* **Task objective**
Could you give again exactly, and only, the lines from the one holding "Bej renkte, düğmeli, normal" through the end of the data, both ends included, with pictures left out?

* **Data extract**
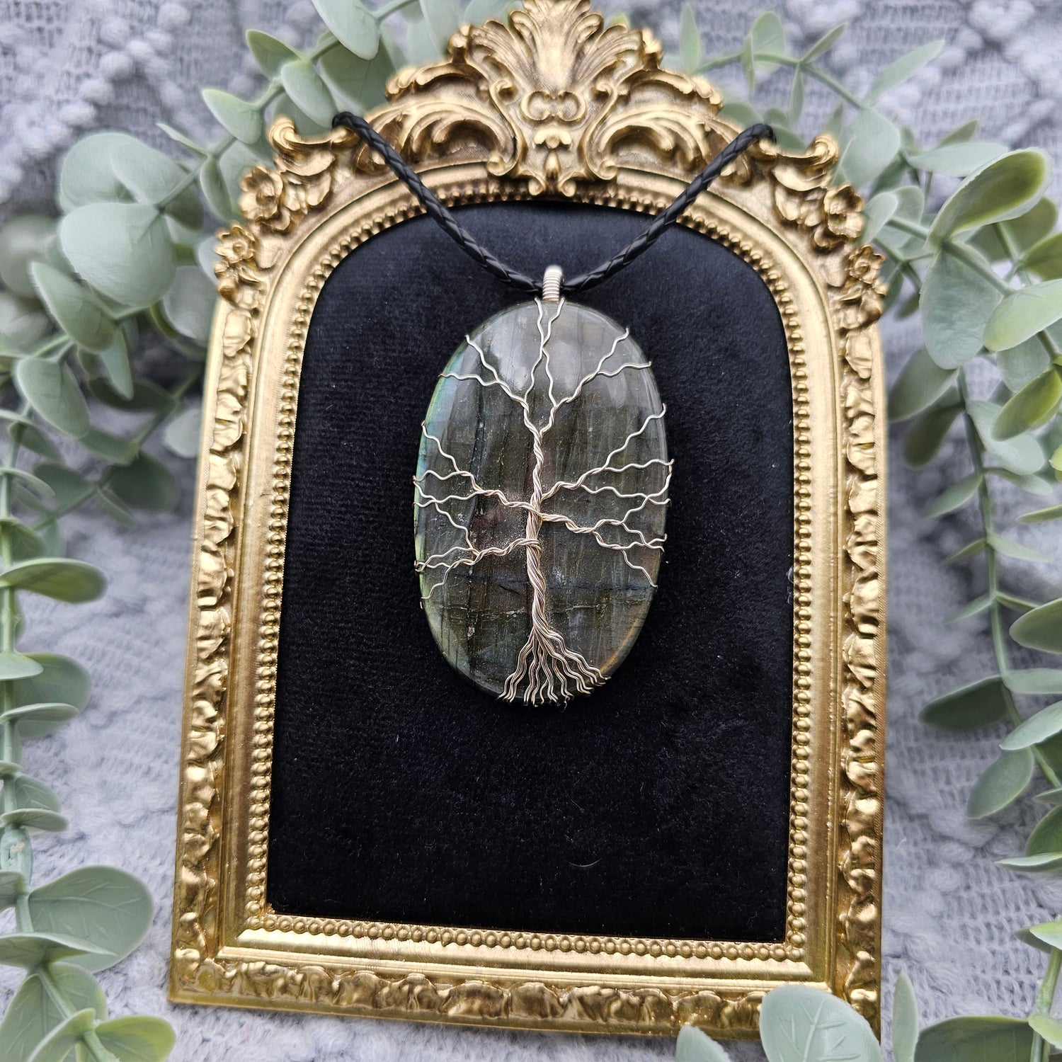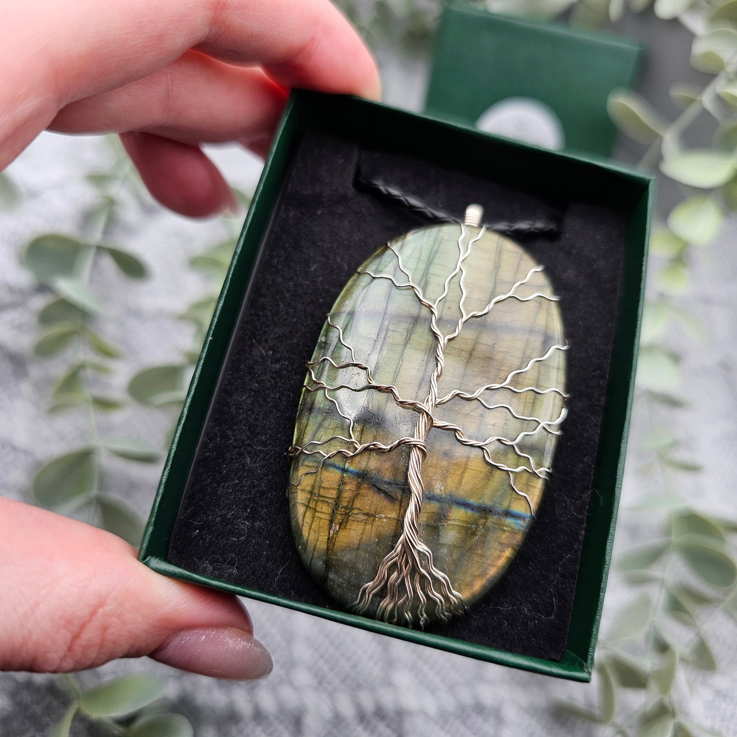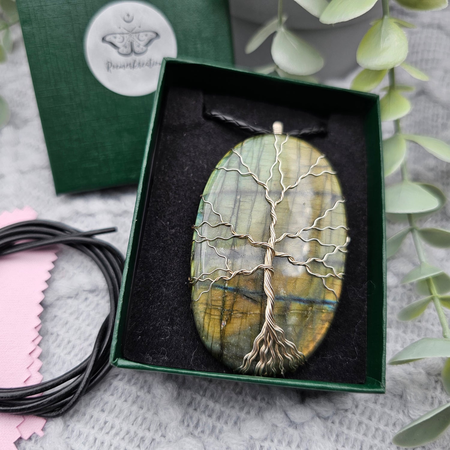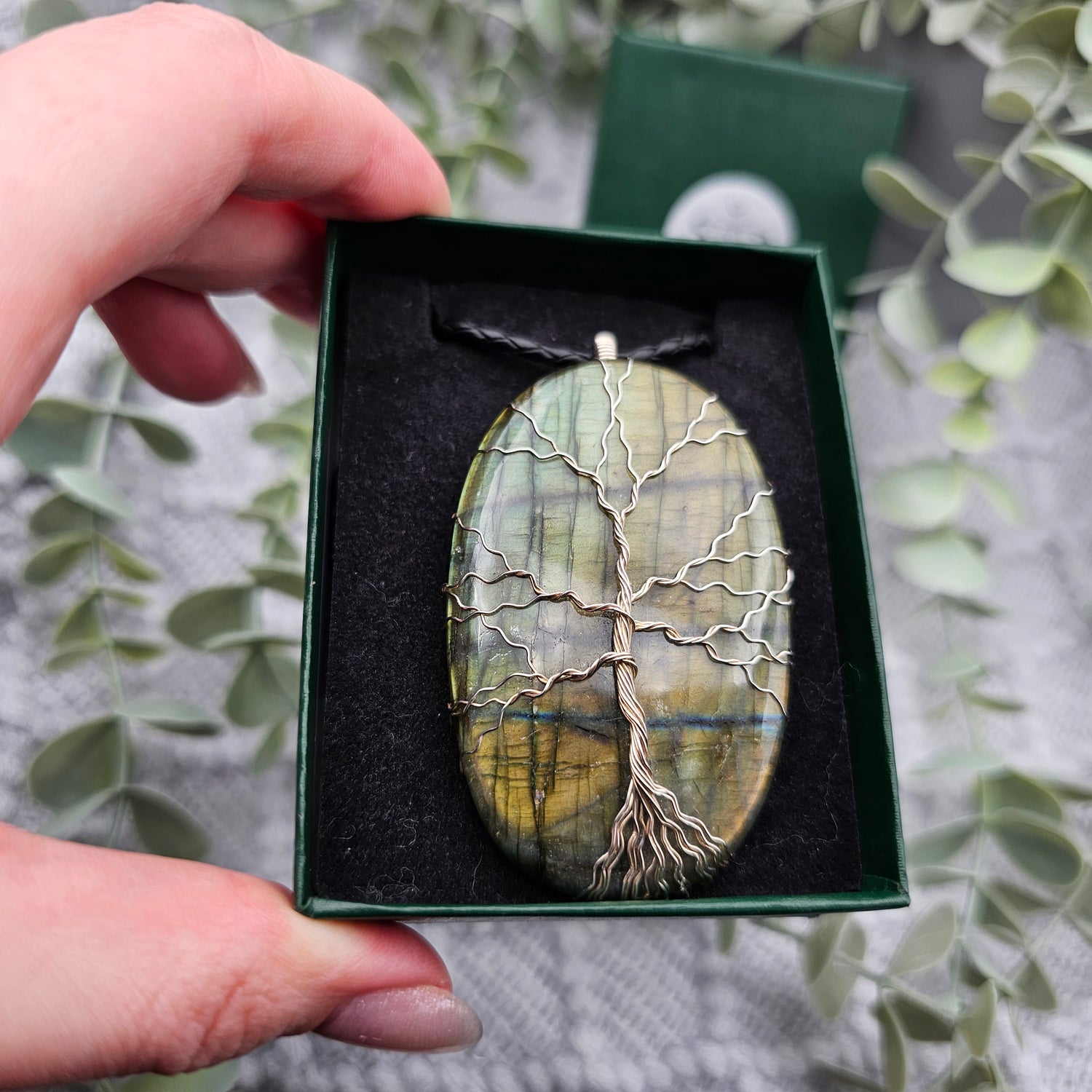 Labradorit Lebensbaum Anhänger | 925er Silber | Edelstein Halskette
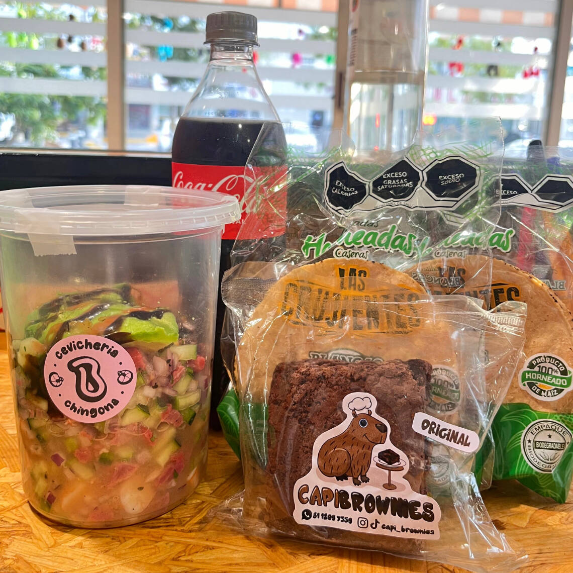 1/2 litro de ceviche a elegir, mas complemento, mas bebida, mas capibrownie
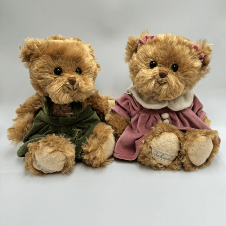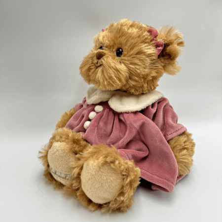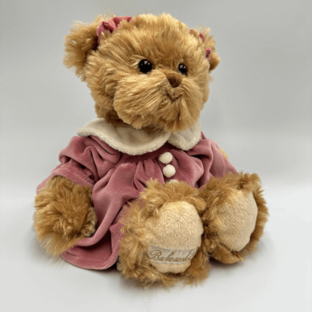 Miś Bukowski Géraldine to wyjątkowa maskotka, która wyróżnia się elegancją i dbałością o szczegóły. Jej jasno brązowe, miękkie futerko o średniej długości zachęca do przytulania, a błyszczące, czarne akrylowe oczka dodają jej uroku. Géraldine ubrana jest w stylową fioletową sukienkę z białym kołnierzykiem oraz delikatnymi guziczkami, co podkreśla jej szykowny wygląd. Dodatkowo, kokardki w kolorze sukienki zdobią jej uszka, dodając dziewczęcego wdzięku i klasy.
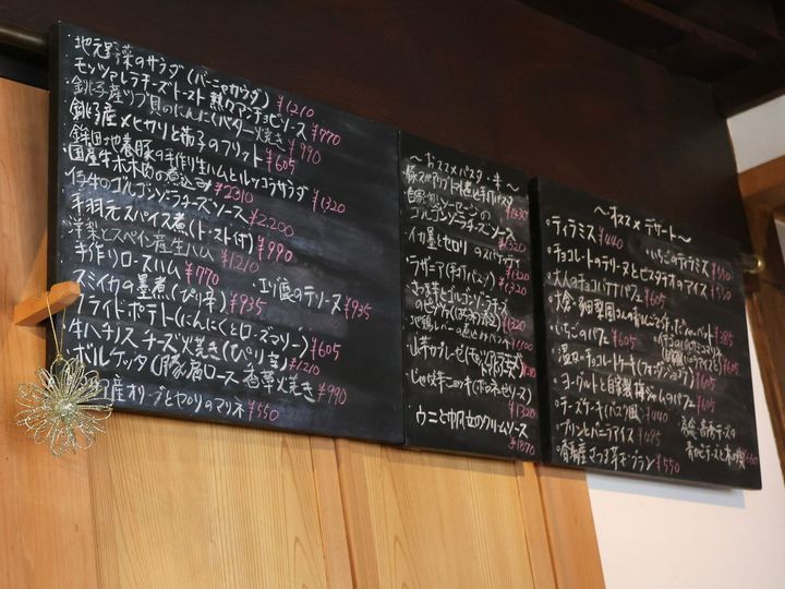 店内にはディナータイムに頼めるアラカルトのメニュー表があり、料理を待っている間にじっくり見ていたのですが、どれもとってもおいしそうで、
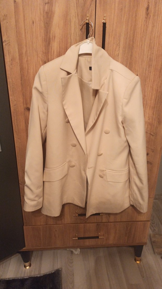 Bej renkte, düğmeli, normal kesim ve midi uzunlukta kadın blazer ceket. Uzun kollu ve yakası kesik, sentetik kumaştan üretilmiş, ofis için uygun.
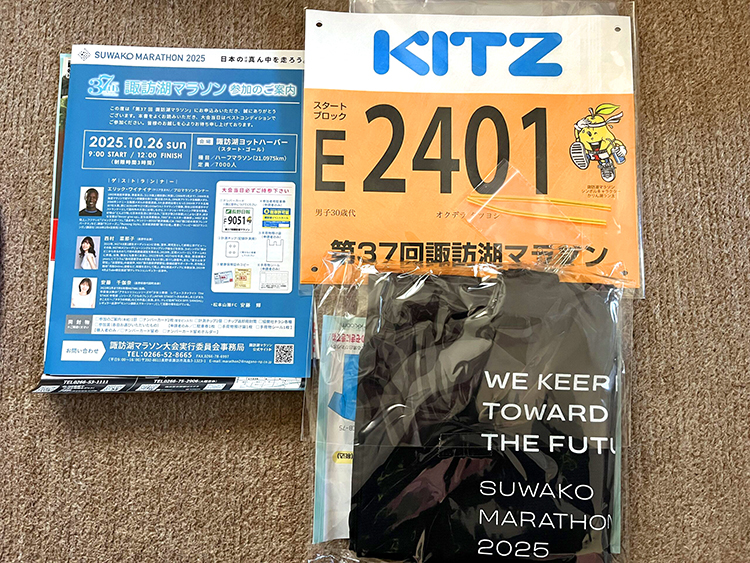 先日、諏訪湖マラソンのゼッケンや当日の案内が届きました!
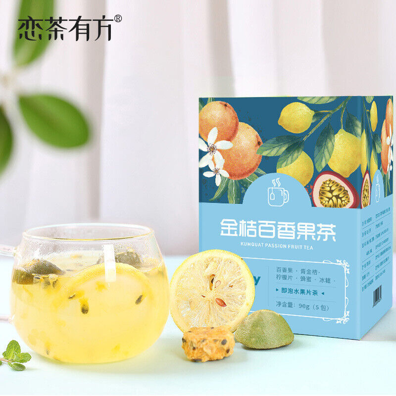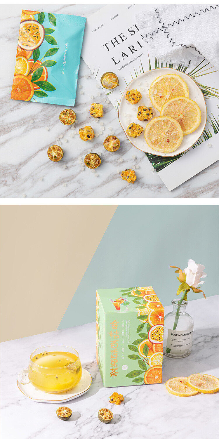Freeze dried citrus, passion fruit, honey tea, lemon slices, flower fruit tea
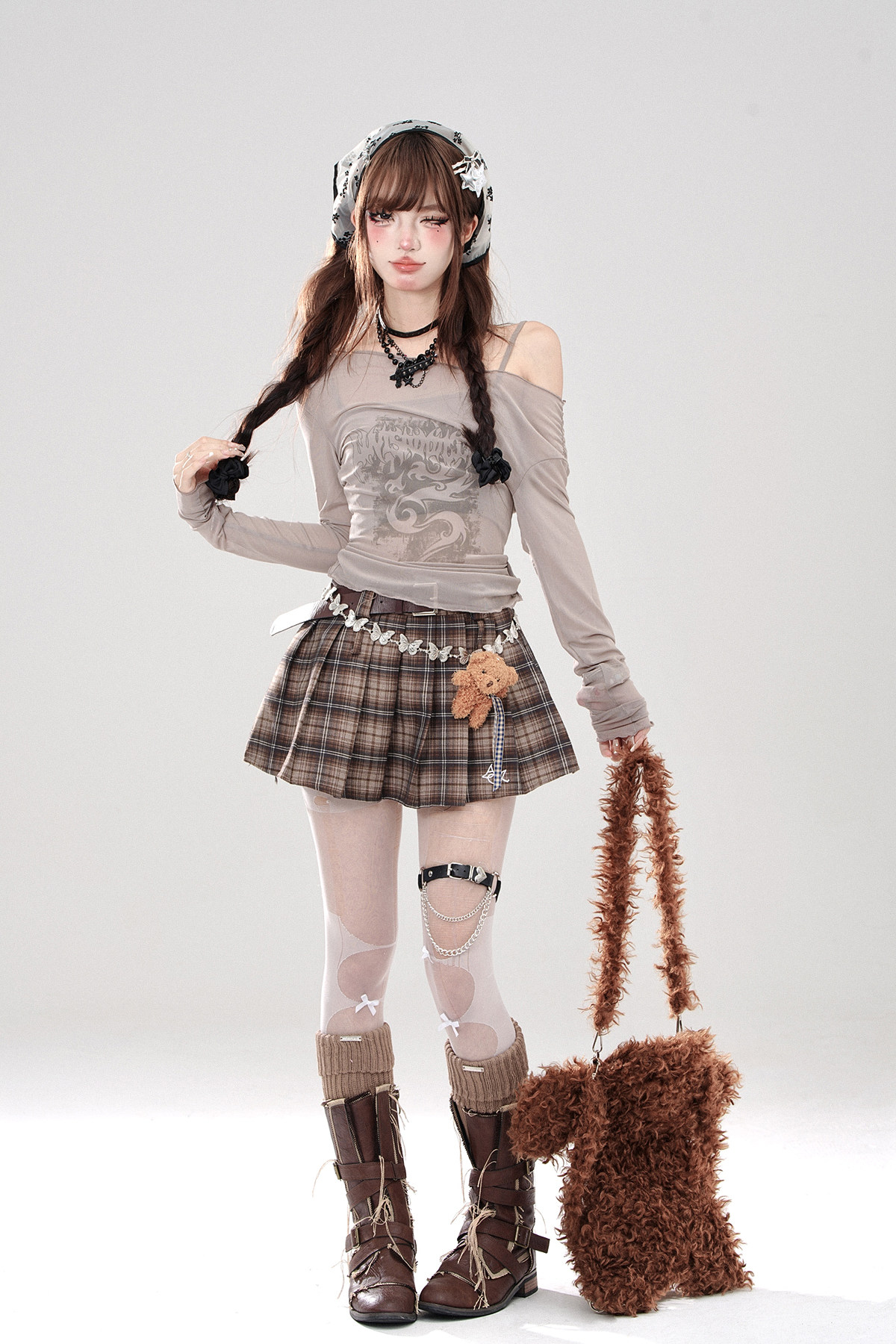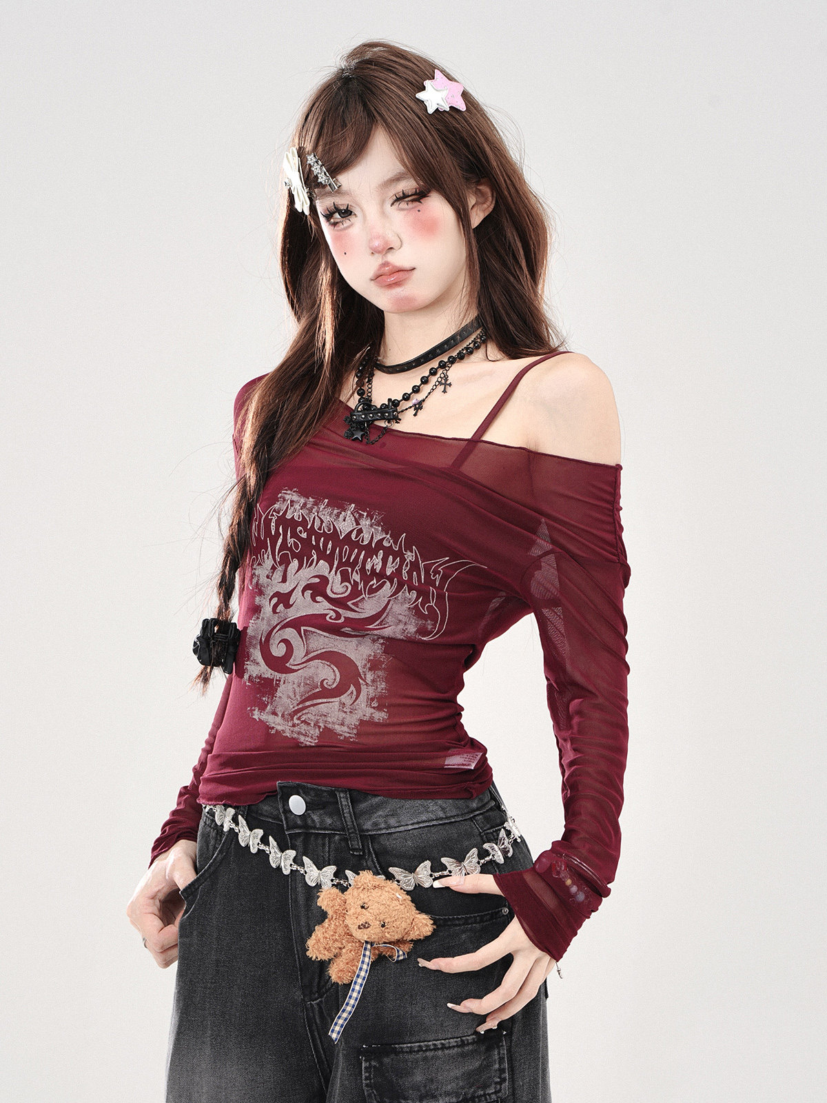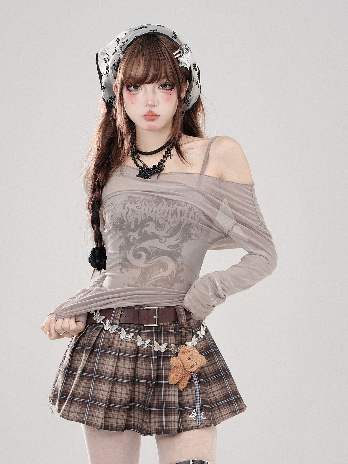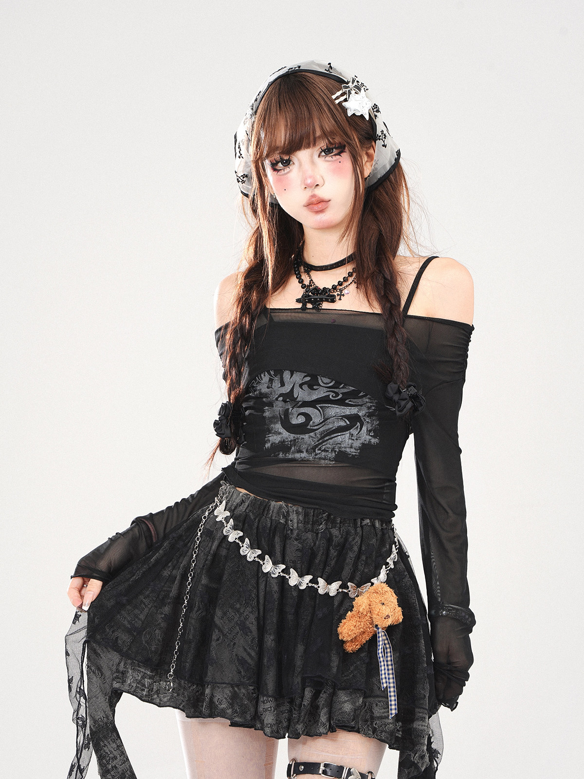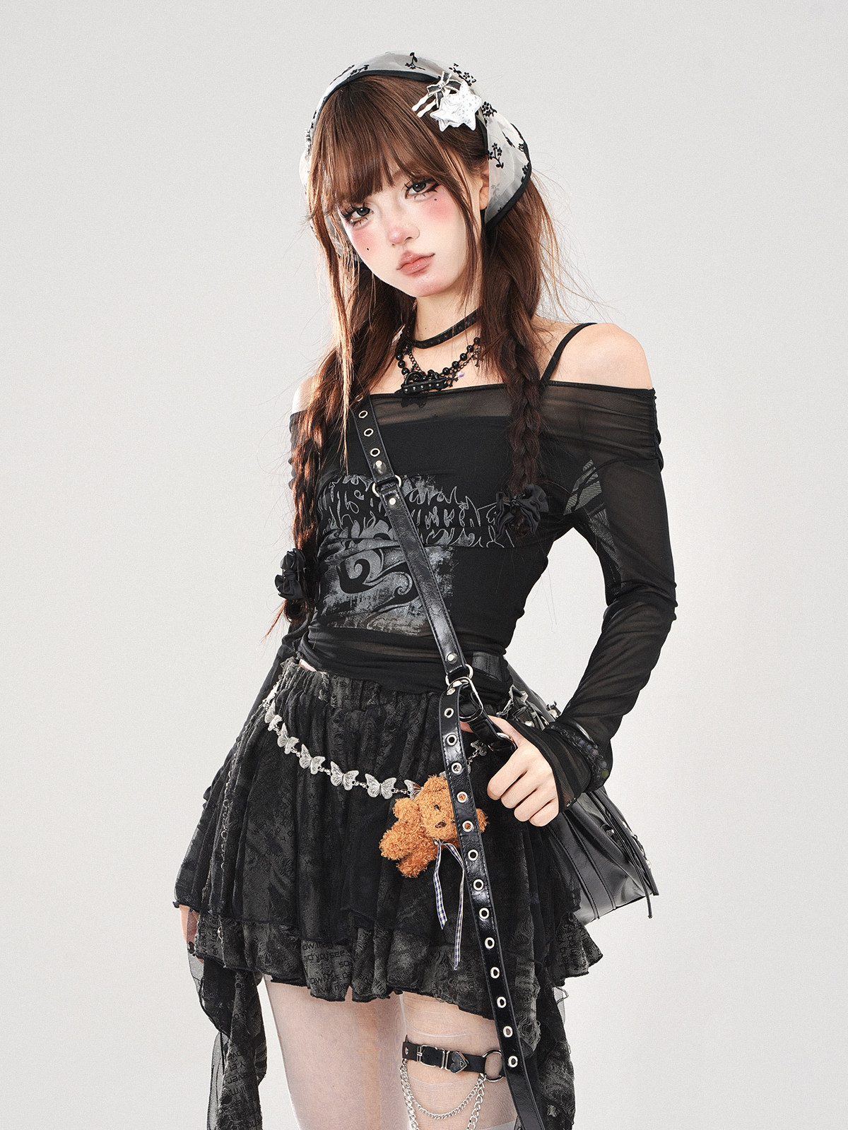 叛逆戀人 黑色冰絲輕薄罩衫女夏一字肩上衣防曬兩件套

* **Worked solution**
 Bej renkte, düğmeli, normal kesim ve midi uzunlukta kadın blazer ceket. Uzun kollu ve yakası kesik, sentetik kumaştan üretilmiş, ofis için uygun.
 先日、諏訪湖マラソンのゼッケンや当日の案内が届きました!
Freeze dried citrus, passion fruit, honey tea, lemon slices, flower fruit tea
 叛逆戀人 黑色冰絲輕薄罩衫女夏一字肩上衣防曬兩件套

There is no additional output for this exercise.